Post by frugaltigris »

Ferdinand2014 wrote: Mon Sep 30, 2019 7:39 am
get_g0ing wrote: Mon Sep 30, 2019 6:53 am Hi,

This is just a quick question. In a Fidelity taxable account:

1. For total stock market, which is more recommend:
ITOT (iShares Core S&P Total Market ETF) or FZROX (Fidelity ZERO Total Market Index Fund)

2. And for S&P 500, which is more recommend:
IVV (iShares Core S&P 500 ETF) or FXAIX (Fidelity 500 Index Fund)


I think this has sometime to do with whether ETF or Mutual Funds are more TAX favorable?
If there are conditions where one is better, and other situations where the other is better, please share those. I'd find that very helpful.

Thank you.
I prefer FXAIX. Reason? Established, super low fee at 0.015, can automatically invest, exact dollar amount transactions, no bid/ask, no premium/discount and follows a known index so you can exactly monitor how well it’s tracking. As far as tax efficiency, the difference will likely be small and may not exceed the expense ratio difference by much.
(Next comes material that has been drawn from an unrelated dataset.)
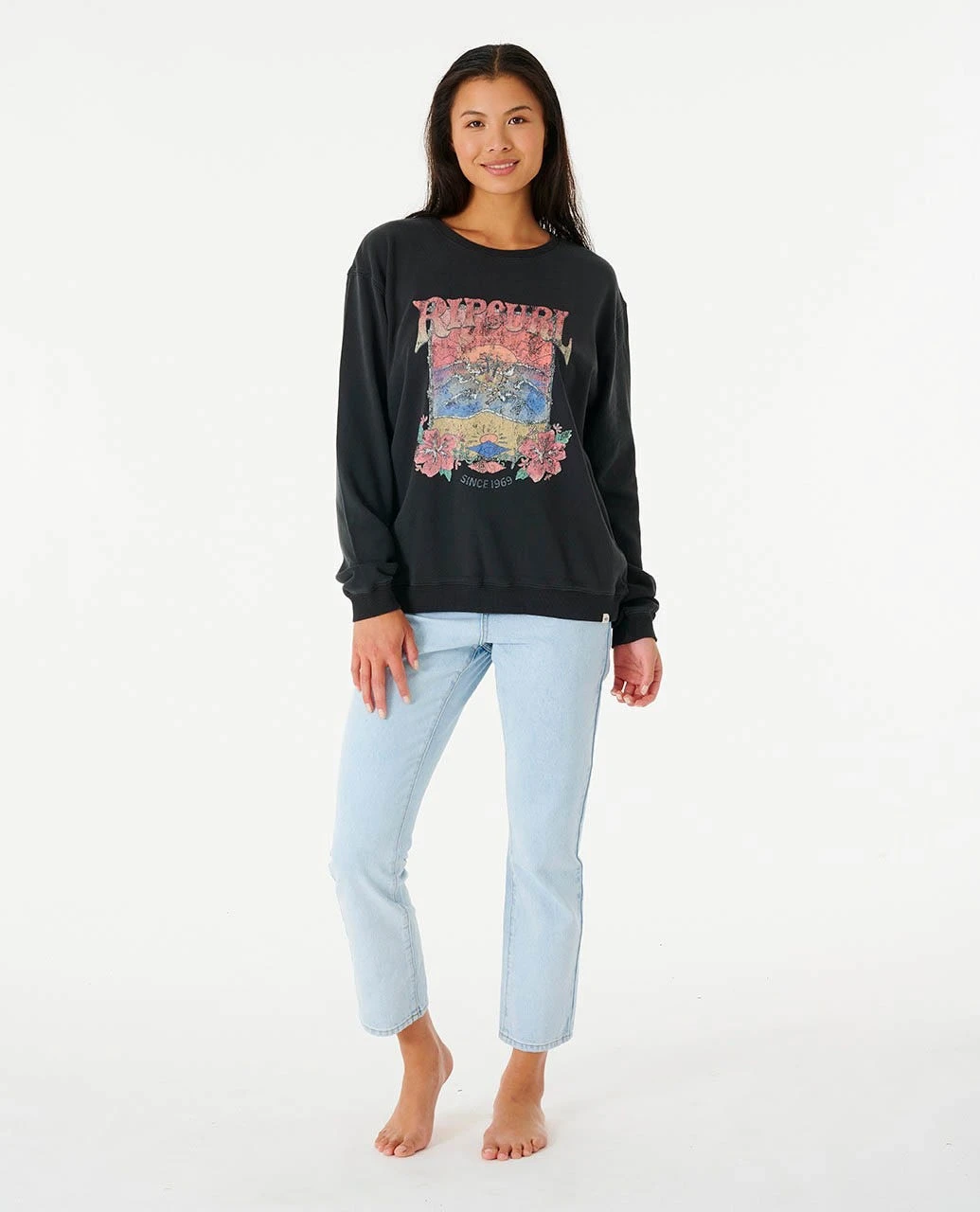 The Barrelled Relaxed Crew is a rad pullover sweater featuring epic front print with flowers, waves and Rip Curl lettering, with elasticated 1×1 ribbed hems and cuffs, and a relaxed fit with looser width and casual vibe.

Ok, so you can look under “performance and risk” to get actual tax drag:


Ticker. 10 year average return. Return after taxes on all distributions and sale of fund (liquidation). % You keep
FXAIX 14.69%. 12.29%. 83.66%
IVV. 14.62%. 11.80%. 80.71%


This is directly from the Fidelity website.
So after fees, NAV to market difference (ETF issue), dividend taxes, capital gain distribution taxes (mutual fund issue), and capital gain from the sale of shares, the net total is better overall return with FXAIX. This is over the last 10 years. People talk about tax efficiency due to capital gains, but I prefer to look at actual ‘take home pay’ which takes into account all the factors. That’s what really matters.
Very insightful post. I checked your numbers and you are right.


For 1 year return, the final number (after sale of all of all shares) is 62.2 % for FXAIX versus 58.8% for ITOT.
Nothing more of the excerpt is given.